I've taken care of most of the redundant multiplications and register accesses that I could find.

But now, I'm trying to comment out some of the redundant commands in the cpu hash asm files and need a hand:

LAB_NEXT_NONCE:

mov rcx, 256 ; 256 - rcx is # of SHA-2 rounds

; mov rax, 64 ; 64 - rax is where we expand to

LAB_SHA:

push rcx

lea rcx, qword [data+(1024)] ; + 1024

lea r11, qword [data+(256)] ; + 256

I'm wanting to get rid of that redundant rcx move since it unnecessarily represents a constant for a total of three instructions. I know it's not much of anything, but it's a start at weeding out redundant code.

Also, is it just me or do I see rax being set to 0 and then being multiplied by 4 before added to data? And then being multiplied by 4 for no apparent reason?

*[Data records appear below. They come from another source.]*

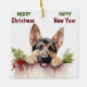 Here's a cute Holiday ornament that would make a great gift for a grandchild, son, daughter, or anyone. One side has the image of an adorable German Shepherd Dog peeking over a fence that is decorated with holly leaves and red berries. The green and red text at the top says "MERRY CHRISTMAS" and "HAPPY NEW YEAR". The other side has another image of the dog wearing a red and white Santa hat, with your own personalized text. Make it say whatever you'd like!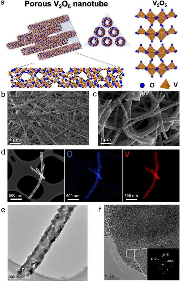 图 1. (a) 多孔 V2O5 的微观结构示意图及其晶体结构。制备的静电纺丝产品 (b) 和煅烧 VNT (c) 在 400℃ 下的 SEM 图像。 (d) VNT 的 STEM 图像和 EDS 分析。多孔 V2O5 纳米管的 TEM (e) 和 HRTEM (f) 图像。 (f) 中的插图是相应的 FFT 模式。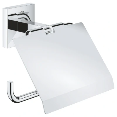 GROHE Start Cube Toilet Roll Holder with Cover (Metal, Wall Mounted, Concealed Fastening, Including Screws and Dowels), Size 111 mm, Extra Easy to Fit QuickGlue, Chrome, 41102000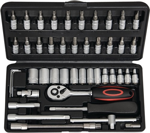 6,3 mm (1/4″)-Vierkantantrieb · Steckschlüssel-Einsätze und Bedienelemente · matt verchromt · Hebelumschaltknarre mit 2-Komponenten-Griff Inhalt: 1 Hebel-Umschaltknarre (Stecknuss-Auswurf auf Knopfdruck) je 1 6-kant- Steckschlüssel-Einsatz SW 4 - 4,5 - 5 - 5,5 - 6 - 7 - 8 - 9 - 10 - 11 - 12 - 13 - 14 mm je 1 Steckschlüssel-Einsatz für Schrauben mit Innen-TORX®-Profil Gr. T 10 - T 15 - T 20 - T 25 - T 30 - T 40 je 1 Steckschlüssel-Einsatz für Schrauben mit Innensechskant-Profil SW 3 - 4 - 5 - 6 - 7 - 8 mm je 1 Verlängerung 50, 100 mm je 1 Steckschlüssel-Einsatz für Schlitzschrauben 4 - 5,5 - 7 mm je 1 Steckschlüssel-Einsatz für Schrauben mit Kreuzschlitz (PH) Gr. 1, 2, 3 je 1 Steckschlüssel-Einsatz für Schrauben mit Kreuzschlitz (PZD) Gr. 1, 2, 3 1 flexible Verlängerung 1 Griff mit Gleitstück 1 Kardangelenk 1 Handgriff mit Vierkant je 1 Winkelschraubendreher 1,5 - 2 - 2,5 mm · Weitere technische Eigenschaften Antrieb: 1/4″ • Rückschwenkwinkel: 5°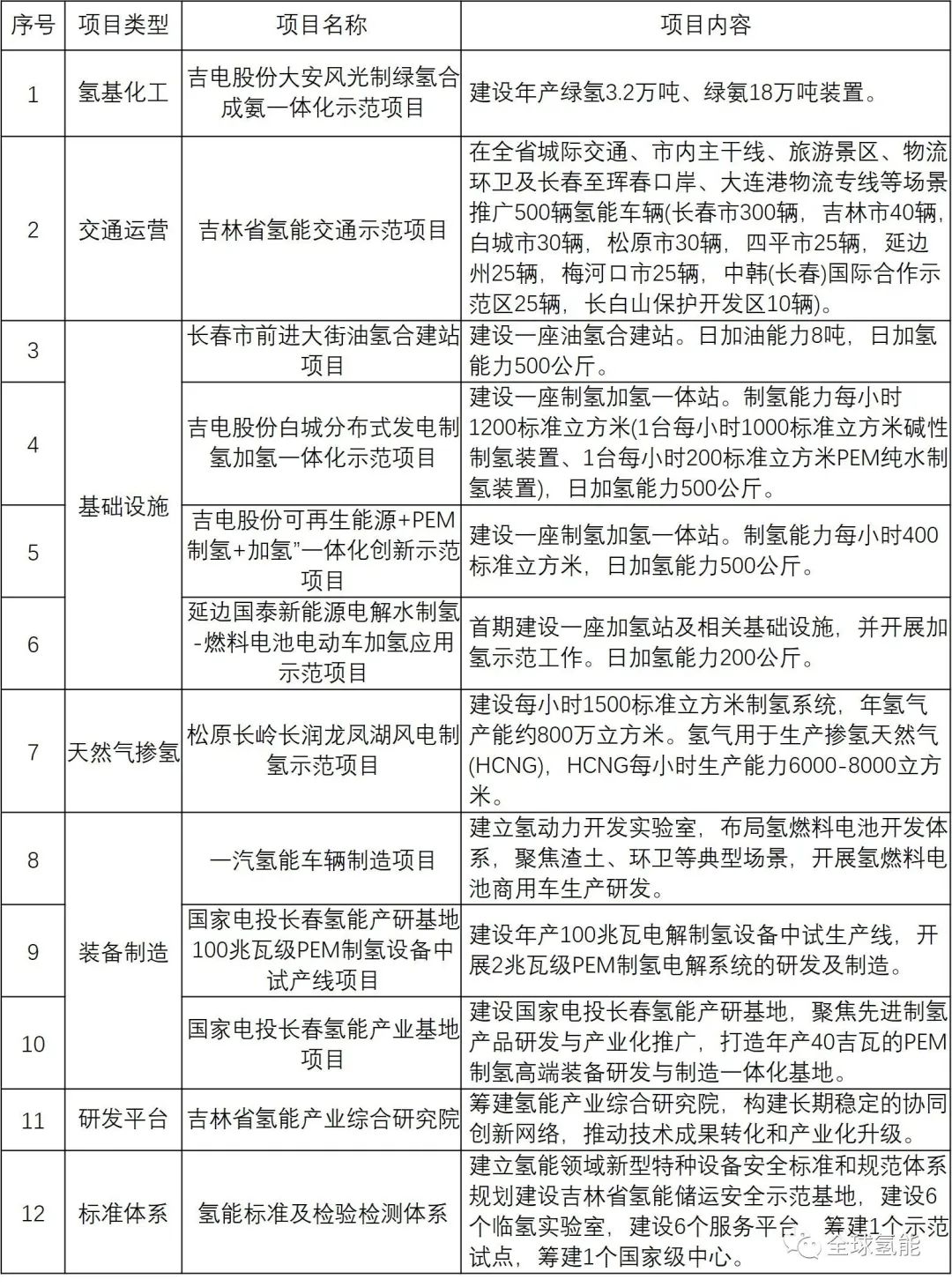 圖 《“氫動(dòng)吉林” 行動(dòng)年度示范項(xiàng)目清單(2022年度)》項(xiàng)目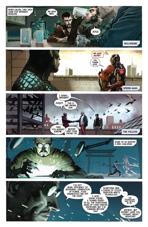 Ziemia, wieża Avengers. Falcon potwierdza, że obecne ataki przypominają te wcześniejsze – z Kanady i Australli. Na widok potworności dziejących się w Japonii, Indiach, Savage Land, Chorwacji, Norwegii i innych miejscach Kapitan Ameryka postanawia natychmiast zareagować, mimo obaw Wolverine’a co do gotowości drużyny. Rogers prosi Manifolda, by użył swoich mocy i przetransportował ich w tej chwili na Marsa. Drużyna znika i ląduje na czerwonej planecie.

Edit: I figured out it's part of the macro I overlooked. Haven't slept yet; probably should.

%endrep

add r11, LAB_CALC_UNROLL*LAB_CALC_PARA*16

cmp r11, rcx

jb LAB_CALC

pop rcx

mov rax, 0

; Load the init values of the message into the hash.

movntdqa xmm7, [init]

pshufd xmm5, xmm7, 0x55 ; xmm5 == b

pshufd xmm4, xmm7, 0xAA ; xmm4 == c

pshufd xmm3, xmm7, 0xFF ; xmm3 == d

pshufd xmm7, xmm7, 0 ; xmm7 == a

movntdqa xmm0, [init+16]

pshufd xmm8, xmm0, 0x55 ; xmm8 == f

pshufd xmm9, xmm0, 0xAA ; xmm9 == g

pshufd xmm10, xmm0, 0xFF ; xmm10 == h

pshufd xmm0, xmm0, 0 ; xmm0 == e

LAB_LOOP:

;; T t1 = h + (Rotr32(e, 6) ^ Rotr32(e, 11) ^ Rotr32(e, 25)) + ((e & f) ^ AndNot(e, g)) + Expand32<T>(g_sha256_k[j]) + w[j]

%macro lab_loop_blk 0

movntdqa xmm6, [data+rax*4]

paddd xmm6, g_4sha256_k[rax*4]

add rax, 4

As a tangent, I found this and wonder if we might be able to code something from it. "There are two meet-in-the-middle preimage attacks against SHA-2 with a reduced number of rounds. The first one attacks 41-round SHA-256 out of 64 rounds with time complexity of 2253.5 and space complexity of 216, and 46-round SHA-512 out of 80 rounds with time 2511.5 and space 23. The second one attacks 42-round SHA-256 with time complexity of 2251.7 and space complexity of 212, and 42-round SHA-512 with time 2502 and space 222."

So basically, if we store some of the computed hash into a look-up table in memory as we're computing, there's a good chance that we could speed-up hashing significantly for the first 42 rounds. Is that what you've already taken advantage of as you mentioned before?